# Task
Using the data that follows, give again word for word the lines between the one holding "Şanlıurfa’nın Haliliye Belediyesi" and the one holding "NORTHJO för Samsung", inclusive. Omit the pictures.

# Materials provided
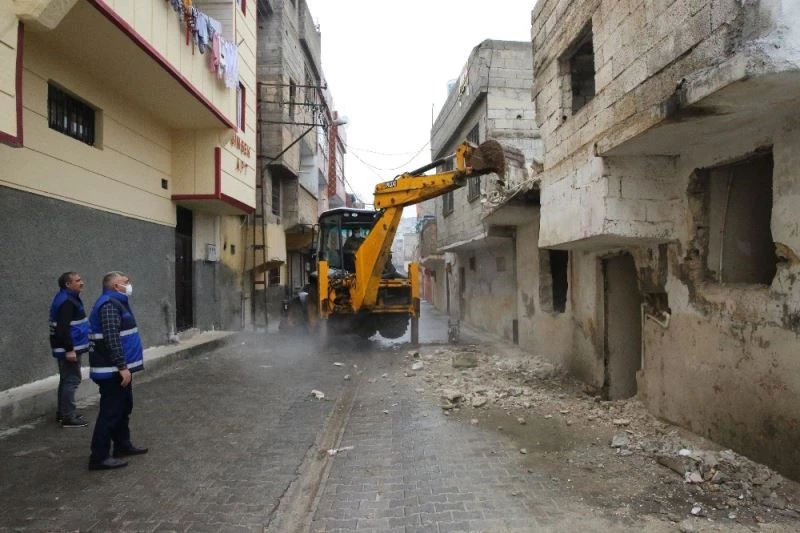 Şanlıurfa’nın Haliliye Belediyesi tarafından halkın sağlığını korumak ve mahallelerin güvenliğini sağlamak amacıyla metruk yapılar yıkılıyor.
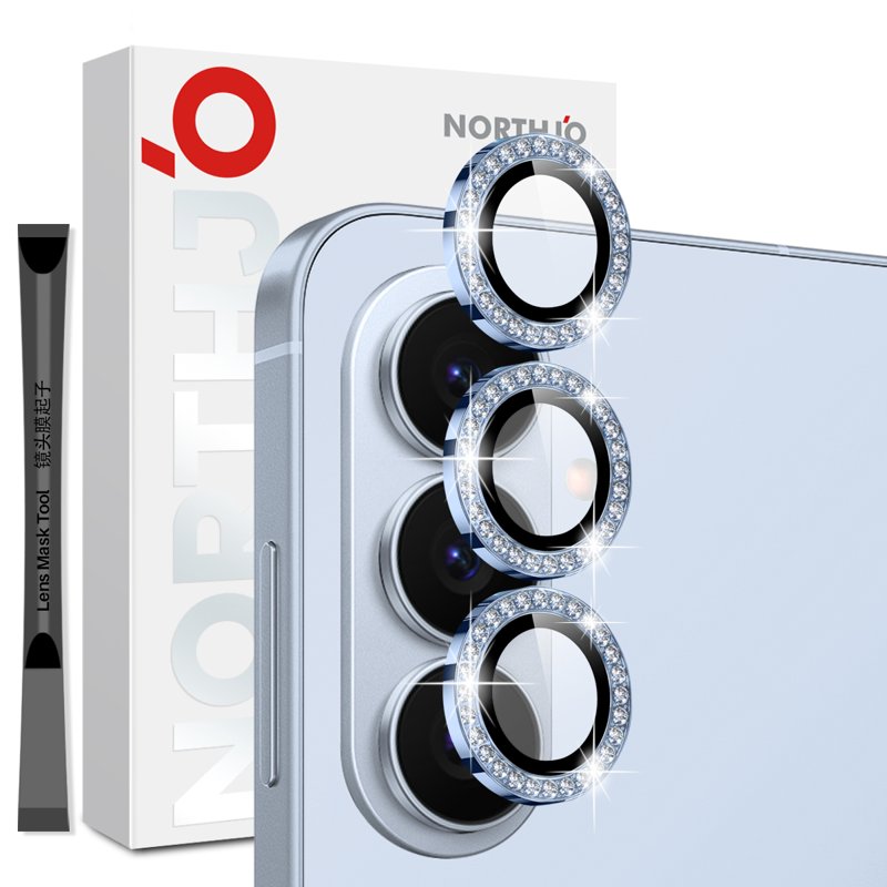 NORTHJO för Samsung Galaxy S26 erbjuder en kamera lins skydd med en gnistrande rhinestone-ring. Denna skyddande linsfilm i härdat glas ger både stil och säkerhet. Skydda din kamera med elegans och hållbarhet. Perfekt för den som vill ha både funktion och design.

==

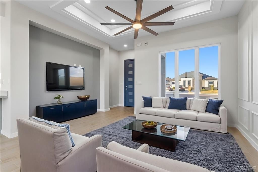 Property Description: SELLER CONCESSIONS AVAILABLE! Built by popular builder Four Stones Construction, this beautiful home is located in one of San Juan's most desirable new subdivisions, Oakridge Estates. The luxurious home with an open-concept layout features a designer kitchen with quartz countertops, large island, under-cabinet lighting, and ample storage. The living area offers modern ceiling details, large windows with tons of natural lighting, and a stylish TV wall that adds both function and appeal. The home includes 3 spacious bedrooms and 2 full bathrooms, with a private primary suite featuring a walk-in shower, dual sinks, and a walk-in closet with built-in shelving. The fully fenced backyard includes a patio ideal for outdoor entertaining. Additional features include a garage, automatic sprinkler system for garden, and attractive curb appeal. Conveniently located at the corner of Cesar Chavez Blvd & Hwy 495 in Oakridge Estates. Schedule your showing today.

# Answer to this task
 Şanlıurfa’nın Haliliye Belediyesi tarafından halkın sağlığını korumak ve mahallelerin güvenliğini sağlamak amacıyla metruk yapılar yıkılıyor.
 NORTHJO för Samsung Galaxy S26 erbjuder en kamera lins skydd med en gnistrande rhinestone-ring. Denna skyddande linsfilm i härdat glas ger både stil och säkerhet. Skydda din kamera med elegans och hållbarhet. Perfekt för den som vill ha både funktion och design.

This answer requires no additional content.